"Designing Data-Intensive Applications": Chapter 2 - Graph like Data Models and Query Languages - Part III

Welcome back to the third part of our dive into Chapter 2 of Designing Data-Intensive Applications. In the previous sections, we explored how document and relational databases handle various data relationships. Now, we’ll explore graph-like data models—particularly useful for modeling complex, interconnected data—and their query languages: Cypher, SQL (recursive), and SPARQL.

Graph‑Like Data Models

When you start modeling data, relationships are everything:

One‑to‑many → Document model
Many‑to‑many → Relational model
Complex many‑to‑many → Graph model

Graphs shine when the connections themselves carry meaning.

But wait, what is a Graph? 🤔

A graph is made of:

Vertices (nodes or entities)
Edges (relationships or arcs) Examples:
Social graph: vertices = people, edges = friendships
Web graph: vertices = pages, edges = hyperlinks
Road network: vertices = intersections, edges = roads

Even better—graphs can hold heterogeneous data in one store!

Facebook’s graph includes people, locations, events, check‑ins, comments…

Edges capture friendships, check‑in locations, comments-on-posts, event attendance, and more.

Taking an example

example

Imagine two people:

Lucy (from Idaho, USA)
Alain (from Beaune, France)

They’re married and live in London.

A graph can capture:

Lucy
- born in → Idaho
- lives in → London
Alain
- born in → Beaune
- lives in → London
Idaho within → USA
Beaune within → France
London within → England → Europe

You could imagine extending the graph to also include many other facts about Lucy and Alain, or other people. For instance, you could use it to indicate any food allergies they have.

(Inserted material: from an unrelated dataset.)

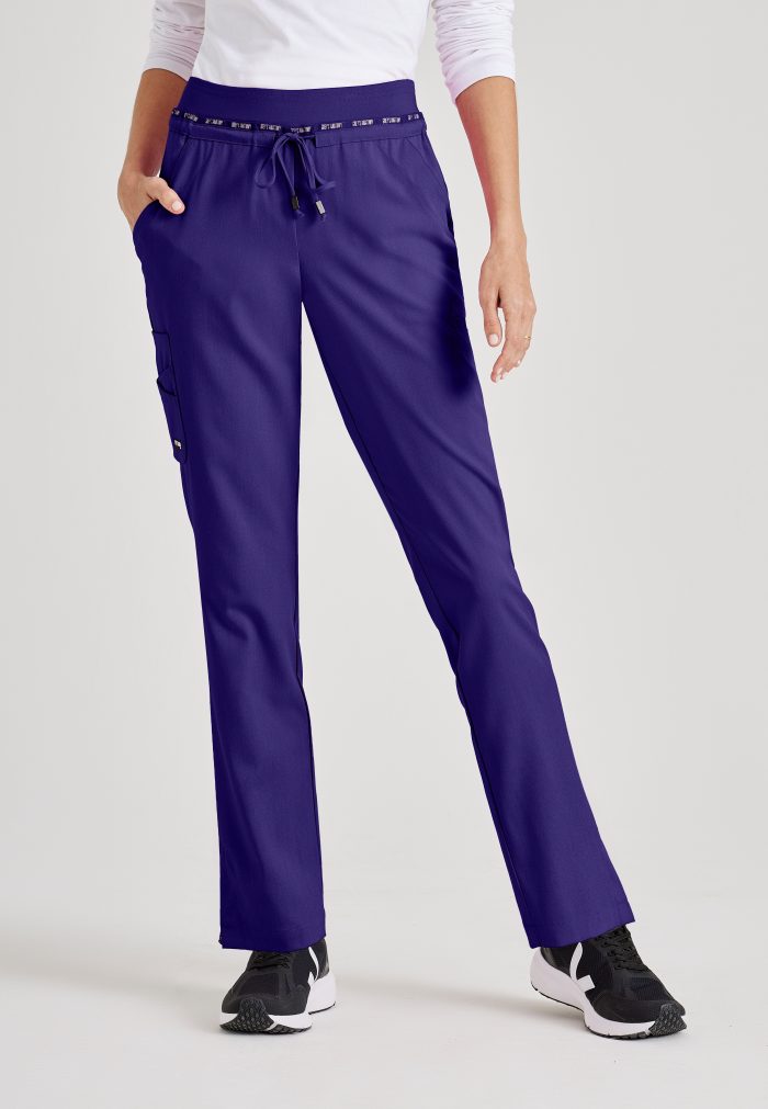 Women's pant, 5-pocket, flat front with silicone draw-cord, elastic back, mid-rise, double-pocket single cargo, lapped vent with orange bartack accent detail at hem.

Evolvability, that's what graphs provide us.

Property Graph Model

Vertices have:

Unique ID
Incoming & outgoing edge lists
Properties (key–value pairs)

Edges have:

Unique ID
Tail vertex (start)
Head vertex (end)
Label (relationship type)
Properties (key–value pairs)

Under the hood, you can imagine two tables:

CREATE TABLE vertices (
  vertex_id INTEGER PRIMARY KEY,
  properties JSON
);
CREATE TABLE edges (
  edge_id    INTEGER PRIMARY KEY,
  tail_vertex INTEGER REFERENCES vertices(vertex_id),
  head_vertex INTEGER REFERENCES vertices(vertex_id),
  label       TEXT,
  properties  JSON
);
CREATE INDEX edges_tails ON edges(tail_vertex);
CREATE INDEX edges_heads ON edges(head_vertex);

This gives you fast lookups of incoming/outgoing edges and lets you mix any labels you like—all in one graph!

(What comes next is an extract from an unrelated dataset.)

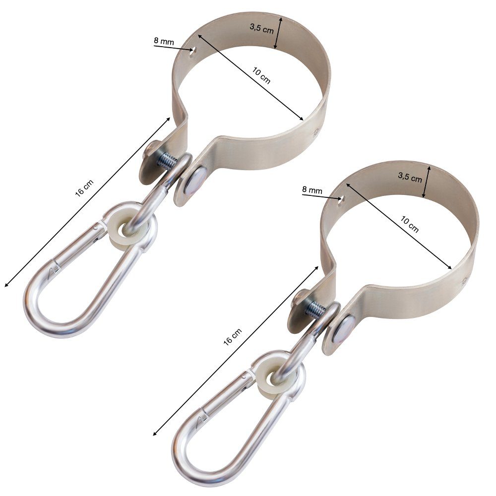 Zwei Schaukelschellen mit Karabinerhaken Verzinkt für Runde Balken Ø 10 CM

Important aspects of this model include :

Any vertex can have an edge with any other vertex. No schema restricts which kinds of thing can or cannot be associated
Given any vertex, you can definitely, find both it's incoming and outgoing edges, leading to any path.
By using labels for different relationships, you can store several different kind of info in a single graph, while maintaining a clear data model.

Cypher Query Language

Cypher is a declarative query language for property graphs, created for the Neo4j
graph database.
It works in the following manner :

CREATE
  (NAmerica:Location {name:'North America', type:'continent'}),
  (USA:Location      {name:'United States', type:'country'}),
  (Idaho:Location    {name:'Idaho', type:'state'}),
  (Lucy:Person       {name:'Lucy'}),
  (Idaho)-[:WITHIN]->(USA)-[:WITHIN]->(NAmerica),
  (Lucy)-[:BORN_IN]->(Idaho);

The same arrow notation is used in a MATCH clause to find patterns in the graph.
Eg: Cypher query to find people who emigrated from the US to Europe

MATCH
(person) -[:BORN_IN]-> () -[:WITHIN*0..]-> (us:Location {name:'United States'}),
(person) -[:LIVES_IN]-> () -[:WITHIN*0..]-> (eu:Location {name:'Europe'})
RETURN person.name

[:WITHIN*0..] means “follow 0 or more WITHIN edges”

The query can be read as follows:
Find any vertex (call it person) that meets both of the following conditions:

Person has an outgoing BORN_IN edge to some vertex. From that vertex, you can follow a chain of outgoing WITHIN edges until eventually you reach a vertex of type Location, whose name property is equal to "United States".
That same person vertex also has an outgoing LIVES_IN edge. Following that edge, and then a chain of outgoing WITHIN edges, you eventually reach a vertex of type Location, whose name property is equal to "Europe".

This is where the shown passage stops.